Tuesday, June 30, 2026

Supergirl (2026)

My brother wanted to see the new “Supergirl” movie, which came out four days ago, so we went to check it out today. I have seen that critics are not liking it, but audiences are. What’s my opinion on this next installment in the restarted “DC Universe?”

Sean P. Means started his review by saying, “If you like your superheroes surly, then director Craig Gillespie’s “Supergirl” is right up your alley — though you may wish, as I did, for more for the young woman of steel to do in the second movie of James Gunn’s DC cinematic era.”

What you may know about Supergirl – either from her first comic book in 1959, the 1984 film with Helen Slater, Melissa Benoist starring in the CW show from 2015 to 2021, or Sasha Calle’s brief cameo in the 2023 “The Flash” movie – is that she’s Kara Zor-El, Superman’s cousin and the second survivor of the explosion of the planet Krypton. Unlike Kal-El or Clark Kent or Superman, Kara lived in Argo City before arriving on Earth.

In this movie, that life – seen in flashbacks, with David Krumholtz and Emily Beecham playing her parents – have made Kara, played by Milly Alcock, more tired about the universe. At one part of the movie, Kara says Clark “sees the good in everyone, and I see the truth.”

Kara spends a lot of time planet hopping, usually looking for planets with red suns like Krypton – because on those planets, she can drink alcohol and not have superpowers.
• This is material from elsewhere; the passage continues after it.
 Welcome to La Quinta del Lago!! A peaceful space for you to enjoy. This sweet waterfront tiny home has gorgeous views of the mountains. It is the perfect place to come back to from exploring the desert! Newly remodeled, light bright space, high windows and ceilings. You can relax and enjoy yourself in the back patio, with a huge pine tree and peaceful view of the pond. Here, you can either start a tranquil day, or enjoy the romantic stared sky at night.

Means describes, “She rides around in a junker spacecraft that looks like an RV on the inside, with her sole companion her dog, Krypto, who stole Gunn’s “Superman” out from under David Corenswet in his blue tights.”
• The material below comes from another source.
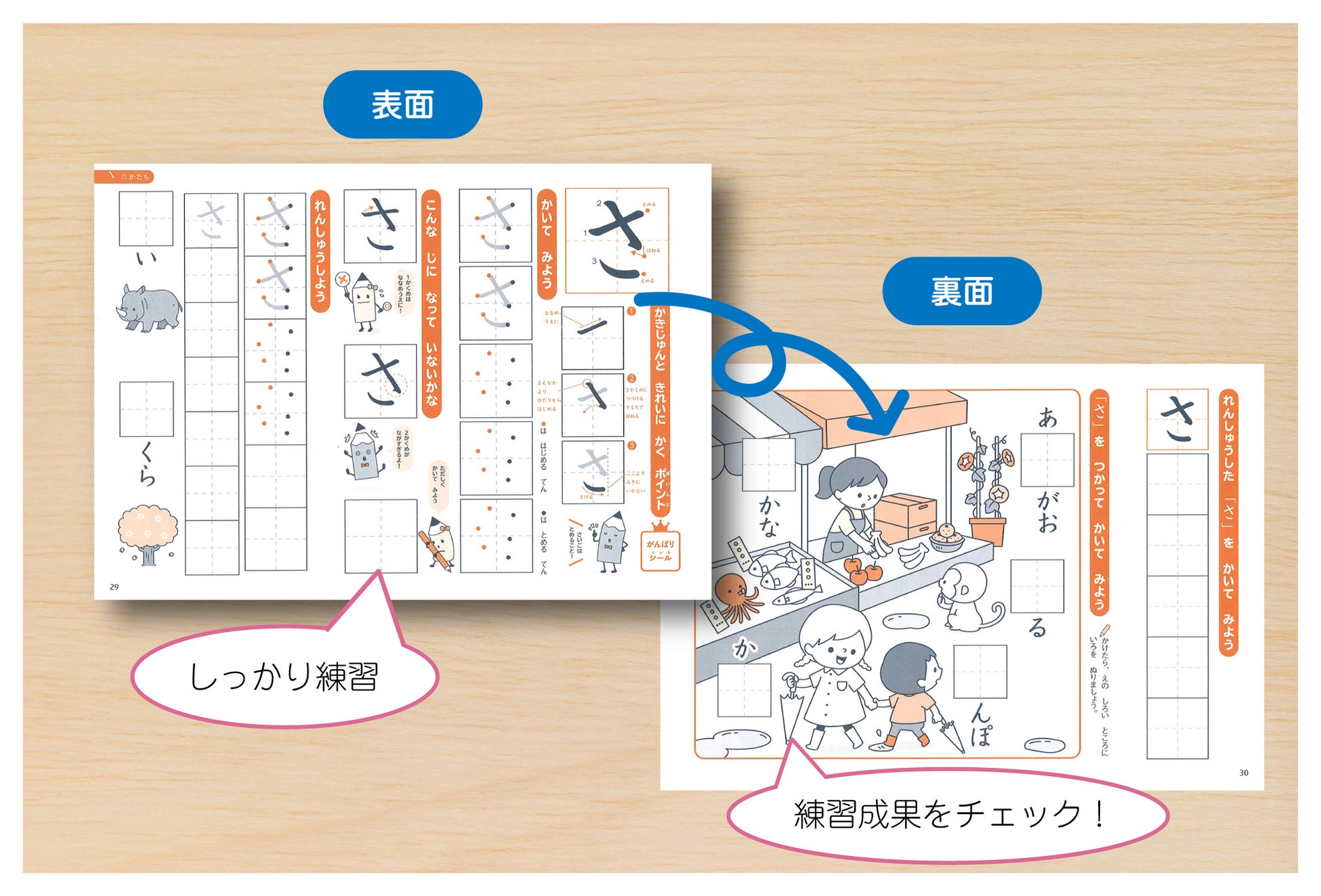 表面でしっかり練習してから、裏面で練習成果をチェックします。表裏合わせて1文字につき30回練習できるので、 着実にステップアップできます。

New screenwriter Ana Nogueira’s story starts with a vicious scavenger race, the Brigands, who murder a family, played by Ferdinand Kingsley, Emily Piggford, and Bruce Lennox, in the middle of nowhere. The Brigands leave a teen girl, Ruthye, played by Eve Ridley, alive, who swears vengeance on their leader, Krem, played by Matthias Schoenaerts.
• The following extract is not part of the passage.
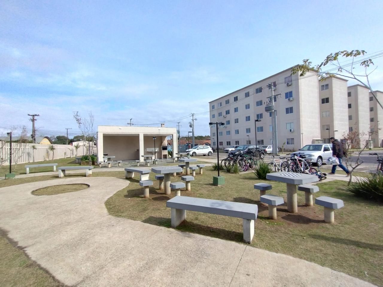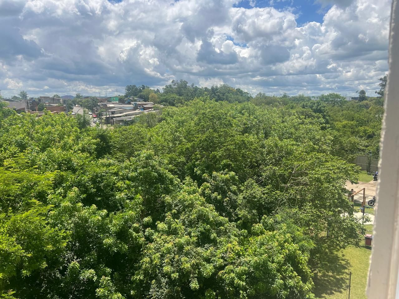 O imóvel conta com cortinas blackout, luminárias em led, piso laminado e vista para área verde

Ruthye’s father (Kingsley) managed to destroy the Brigands’ ship before he was killed, so the group finds a new one to steal: Kara’s. When she fights them, Krem hits Krypto with a poison dart – and a healer, played by Keeley Forsyth, tells Kara, through Ruthye, that she has three days to find Krem to get the antidote.

Kara searches for the Brigands, and Ruthye goes with her, despite the two strongly disagreeing on what will happen when they find Krem. Ruthye wants to kill him, but Kara needs him alive to get the antidote to save Krypto.

Means described, “What follows are a series of fight scenes, some of them in dive bars that make the Mos Eisley cantina look like a Best Western. In one bar, Kara and Ruthye encounter Lobo (Jason Momoa), a bored immortal who works as a bounty hunter. Lobo is a DC Comics fan favorite, I’m told, and Momoa brings the same comical menace to the role that he did to “Fast X” and “A Minecraft Movie.””

Means continued, “Gillespie’s action sequences are serviceable, if overly reliant on CGI and whiplash-inducing camera moves, in a narrative that borrows a little too much from Gunn’s “Guardians of the Galaxy” movies.”

The best part of “Supergirl” is Kara herself, and the way Alcock finds the center between the self-righteous hero and the angry, hopeless survivor. Hopefully James Gunn and his team will bring her back in a movie that has her use that bad girl attitude.

Overall, I wasn’t disappointed like so many other people have been. Alcock does a great job playing Kara and there are good elements of the movie. Gillespie does not know how to film action scenes, when they show Kara thinking back to what Clark tells her the meaning of the outfit was forced, and there are writing problems, but I’m still glad I saw it. This is “so” much better than the last time they did a Supergirl movie, if you remember my thoughts on that failed attempt. You should still see this in the theaters because it’s not a waste of money. Check it out and judge it based on your own opinion.